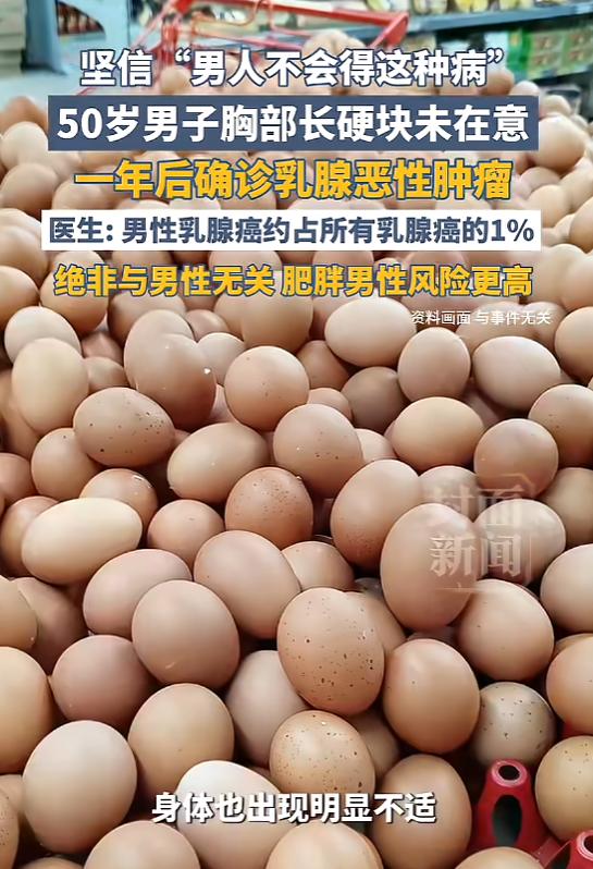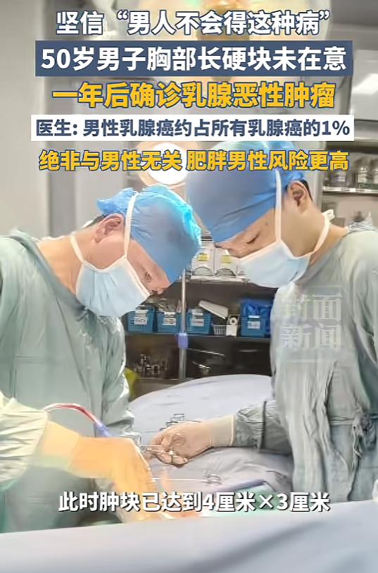 “悲剧还是发生了!”广西南宁,一男子洗澡时,发现胸部下方有个硬块,因为不痛不痒,所以没当回事,没想到硬块慢慢变大,直到最近身体不适,男子才去医院,最终被确诊为乳腺恶性肿瘤,因为病情被延误,治疗难度也增加了!网友:男性也会得乳腺癌? 广西南宁的一位大哥,或许怎么都未曾料到,洗澡时指尖不经意触碰到的那个硬疙瘩,竟会在日后将自己送进肿瘤科。 花生米那么大,硬邦邦的,边缘摸不太清楚。关键之处在于,其状态不痛不痒,即便按压几下,亦毫无反应,仿若陷入一种沉寂而麻木的状态,令人有些无奈。他当时就琢磨:八成是最近干活累着了,上火长个结节,或者不小心磕碰了一下,过两天自己就消了。 这一"过两天",就是一个多月。 洗澡之际,他下意识地又摸了摸,刹那间,心中猛地一紧——那物件竟悄然长出了一圈。但他还是没当回事,心想就算长大了也是良性的,能有多大事? 此种心态,于诸多男性身上皆可觅得踪迹。它似隐匿于日常的细微之处,悄然彰显着一种共性,在不经意间便让人察觉到其存在。对于那些轻微的病痛,只要尚未对劳作与挣钱造成影响,人们往往会选择默默忍受,以坚韧之态硬扛过去,继续为生活奔波。去医院检查个小包块?那不是小题大做吗?男人嘛,就该顶天立地。 身体并非能以道理相劝之物。它自有其运行的规律与法则,不会因主观的意愿和道理而改变,一旦被忽视,便会以自己的方式发出警示。那个悄然无息、几无痛感的小疙瘩,宛如隐匿的恶魔,正以悄无声息却又势不可挡之势,逐渐蚕食着他的健康,威胁着他的生命防线。 直至近日,他的身体实在不堪重负,再也难以支撑,这才惊惶失措地朝着医院奔去。所有检查单子砸在面前的那一刻,他整个人都懵了:乳腺恶性肿瘤。 消息一经传出,评论区即刻沸腾,恰似油锅乍爆。各类观点与言论如浪涛般汹涌而至,一时间,整个评论区热闹喧嚣,好不壮观。最多的留言就是:"男人也会得乳腺癌?" 很多人打心眼里觉得,乳腺癌是女人的专属病,男人压根不沾边。就是这种死板的错误认知,让大批老爷们儿完全忽视了胸部发出的救命信号。 其实男人的乳腺组织虽然没女人那么多,但底子还在,依然有病变的可能。医学面前从来不分性别,只有生与死的博弈。 更要命的是,那些不疼不痒的身体肿块,往往才是最致命、最容易被忽视的健康陷阱。疼痛从来不是疾病严重程度的标尺。它安静、无害、不打扰生活——这恰恰是恶性肿瘤的狡猾之处。 这位大哥平时烟抽得不多,偶尔喝点小酒,身材匀称,看着挺结实。按理说不该摊上这事。可性格大大咧咧,有点糙,觉得"男人就该扛着",这种心态反而成了催命符。 从花生米大小到恶性肿瘤,中间隔着整整一年的延误。错过了最佳治疗时间窗口,治愈难度成倍增加。每一个"早一天",都是活下去的筹码。 有网友看完新闻吓出一身冷汗:"我胸口好像也有个小包,明天就得去排号检查。"这条新闻至少让一部分人开始正视身体发出的信号。 别等身体"扛不住了"才就医,别等"不痛"变成"痛不欲生"才后悔。 身体给你发信号,不是让你猜,是让你回应。 (信息来源:《广西50岁男子确诊乳腺癌:因认为“男人不会得乳腺癌”,胸部长硬块拖延一年才就医。》封面新闻)
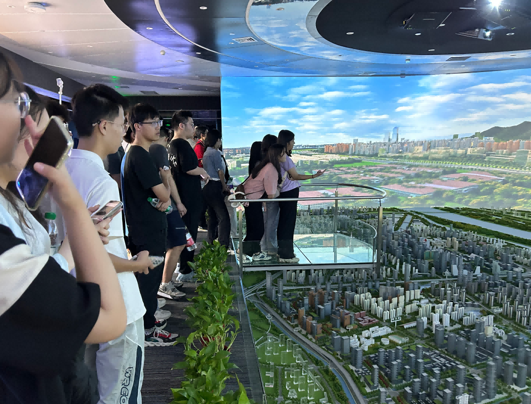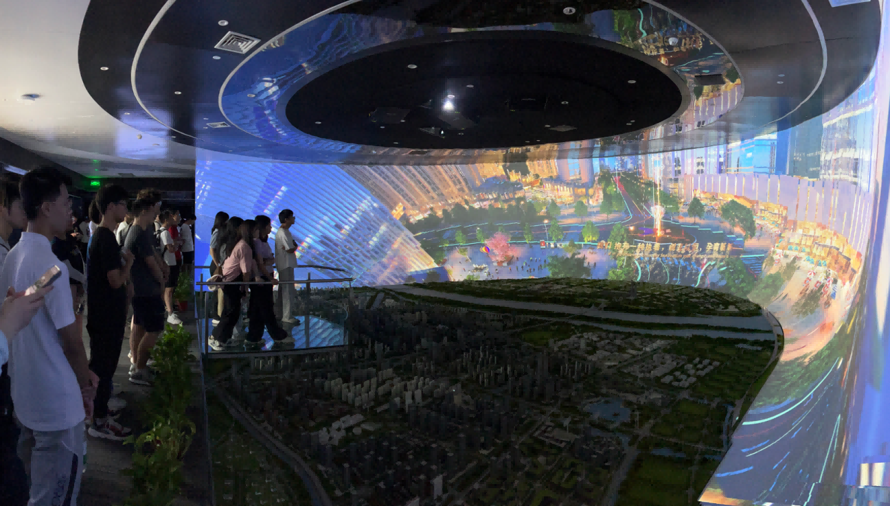 園區內現代建筑群錯落有致,每一磚一瓦都蘊含著創新和科技的基因。evo真人视讯科技IT菁英暑期實訓營的學員們懷揣著對科技的無限憧憬步入研創園展廳。展廳內部設計充滿科技感,一塊塊巨大的模型和顯示屏映入眼簾,生動展現了研創園的科技規劃,以及從夢想走向現實的開展歷程。
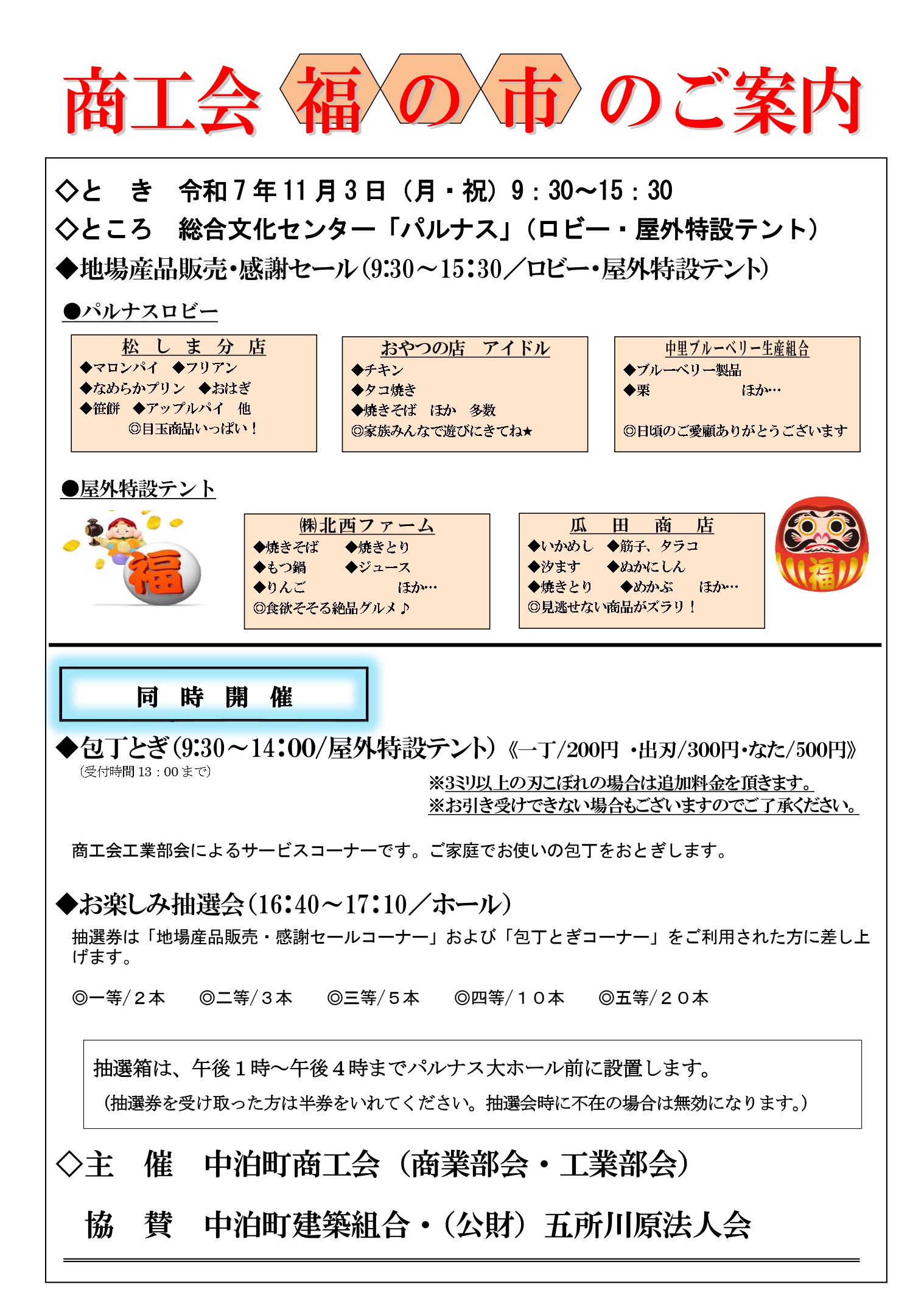 今年も恒例の 「福の市」 を下記のとおり開催いたします!
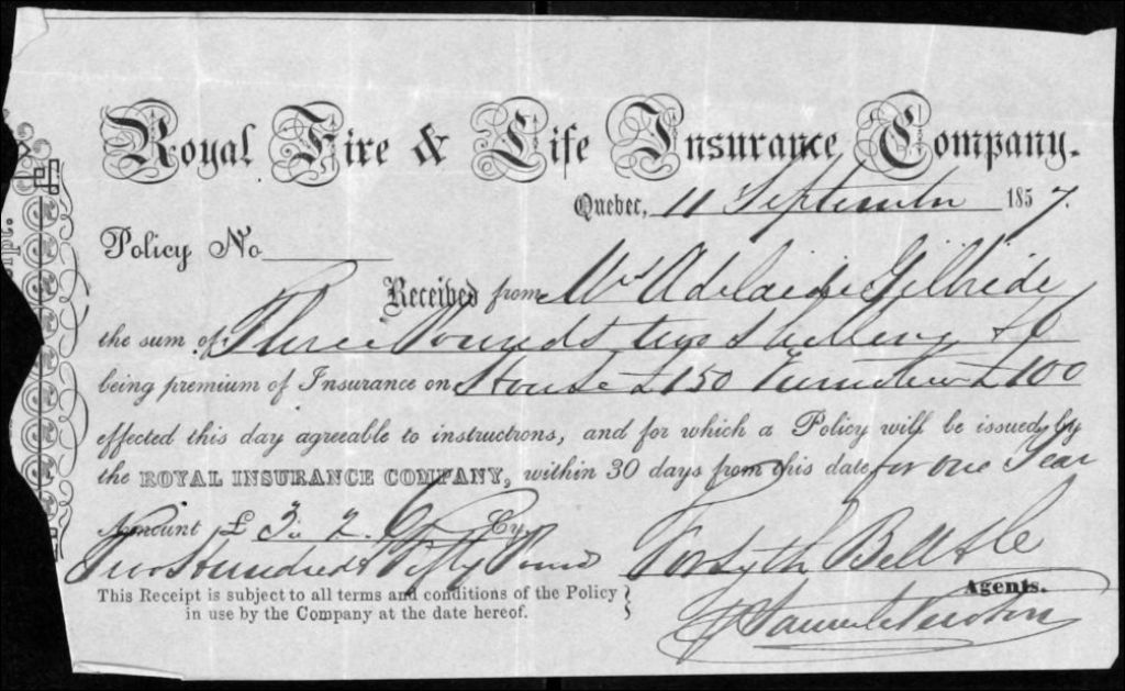 Ce dossier est composé de deux polices d'assurance de la Royal Insurance Co. sur des propriétés et 5 reçus de paiement pour celles-ci
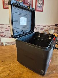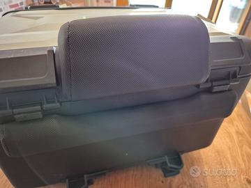 Vendesi Bauletto TOP CASE BMW VARIO con sistema di volume variabile funzionante, senza nottolino. Presenti piccoli bolli sul rivestimento in alluminio lato destro e piccole righe sul lato sinistro. Dotato di doppio schienale per il passeggero.

——————

An exact copy is needed of the stretch above that opens with the line containing "今年も恒例の 「福の市」 を下記のとおり開催いたします!" and closes with the line containing "Ce dossier est"; the pictures are not part of it.

 今年も恒例の 「福の市」 を下記のとおり開催いたします!
 Ce dossier est composé de deux polices d'assurance de la Royal Insurance Co. sur des propriétés et 5 reçus de paiement pour celles-ci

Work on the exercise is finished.